### AVAILABLE DATA
☆ ☆ ☆ ☆ ☆

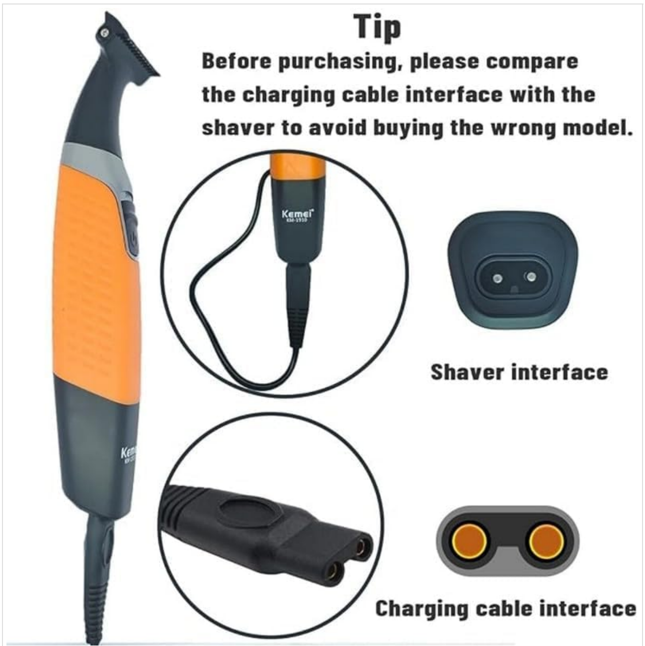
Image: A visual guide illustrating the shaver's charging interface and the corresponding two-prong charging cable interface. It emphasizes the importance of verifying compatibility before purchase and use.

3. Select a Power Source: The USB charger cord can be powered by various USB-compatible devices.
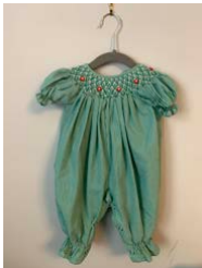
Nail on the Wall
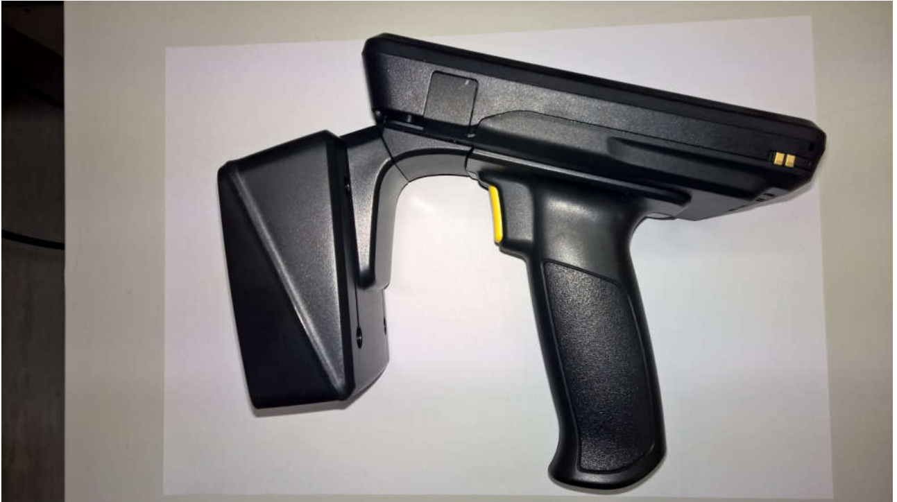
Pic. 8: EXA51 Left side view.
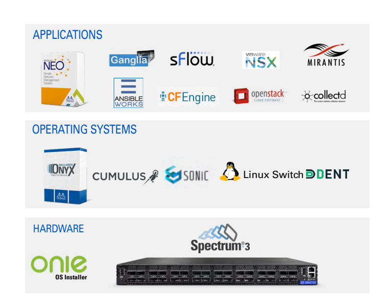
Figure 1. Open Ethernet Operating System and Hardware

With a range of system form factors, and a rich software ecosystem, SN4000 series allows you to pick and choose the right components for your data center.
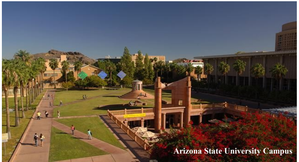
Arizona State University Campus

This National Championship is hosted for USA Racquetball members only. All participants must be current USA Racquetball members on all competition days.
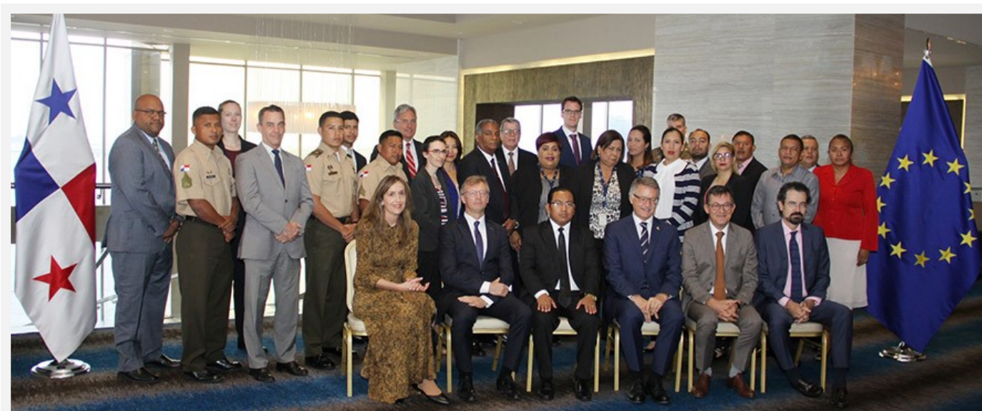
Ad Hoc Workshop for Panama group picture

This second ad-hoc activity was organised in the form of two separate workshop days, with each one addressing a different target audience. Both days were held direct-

☆ ☆ ☆ ☆ ☆

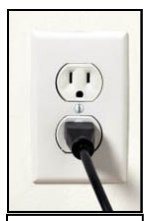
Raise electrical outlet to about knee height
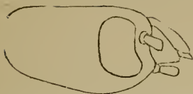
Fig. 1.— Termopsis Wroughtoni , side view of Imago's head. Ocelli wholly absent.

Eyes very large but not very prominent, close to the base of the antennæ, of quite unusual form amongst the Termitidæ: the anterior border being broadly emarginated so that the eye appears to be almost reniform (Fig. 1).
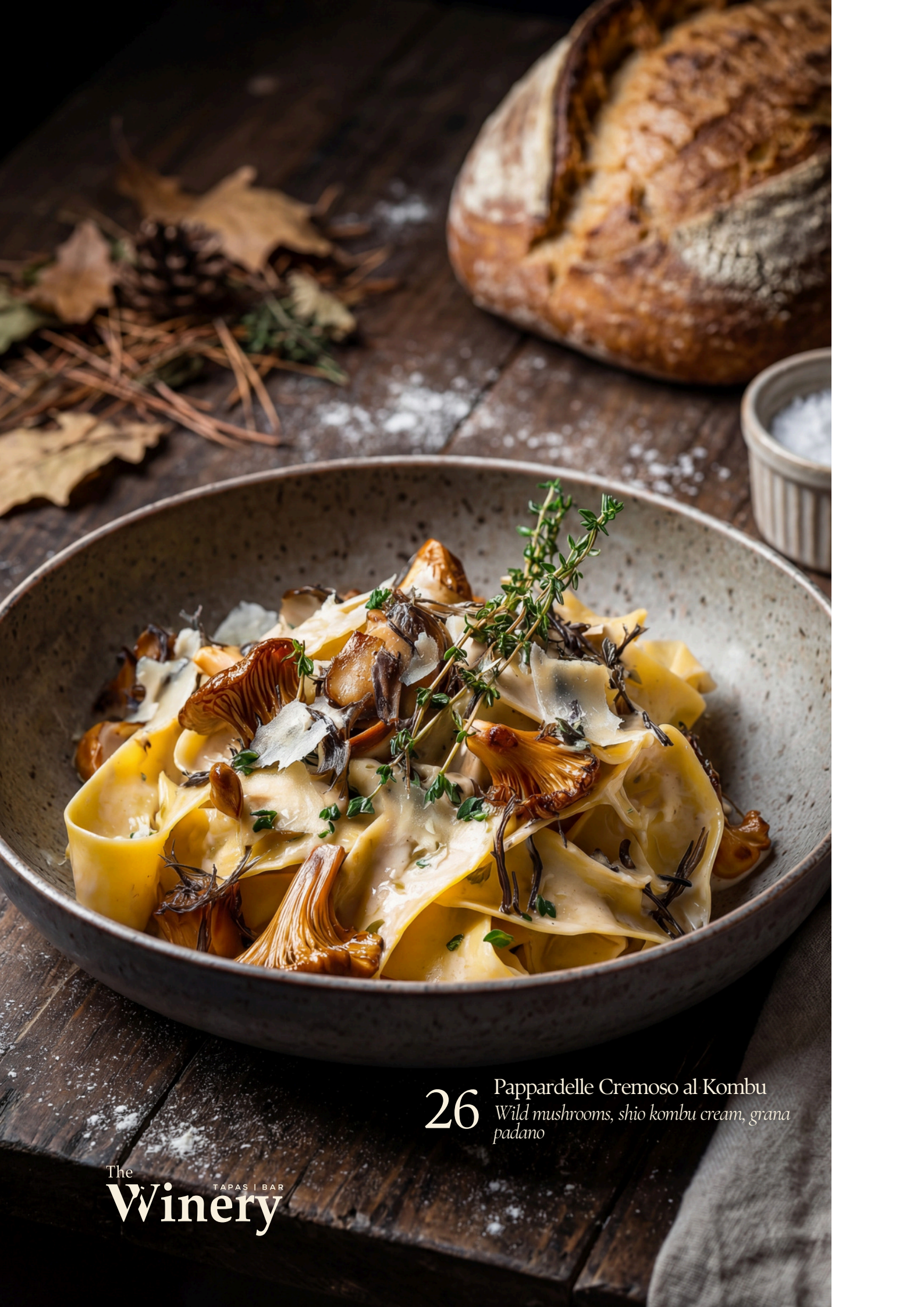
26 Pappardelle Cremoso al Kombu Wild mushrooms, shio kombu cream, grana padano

☆ ☆ ☆ ☆ ☆

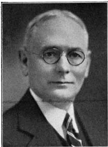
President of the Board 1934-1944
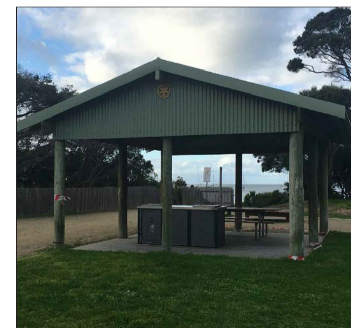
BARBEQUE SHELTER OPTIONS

☆ ☆ ☆ ☆ ☆

### THE TASK
Write out, word for word, the stretch of entries that begins at the line with "Eyes very large" and ends at the line with "26 Pappardelle Cremoso". Pictures do not belong in it.

### RESPONSE TO THIS EXERCISE
Eyes very large but not very prominent, close to the base of the antennæ, of quite unusual form amongst the Termitidæ: the anterior border being broadly emarginated so that the eye appears to be almost reniform (Fig. 1).
26 Pappardelle Cremoso al Kombu Wild mushrooms, shio kombu cream, grana padano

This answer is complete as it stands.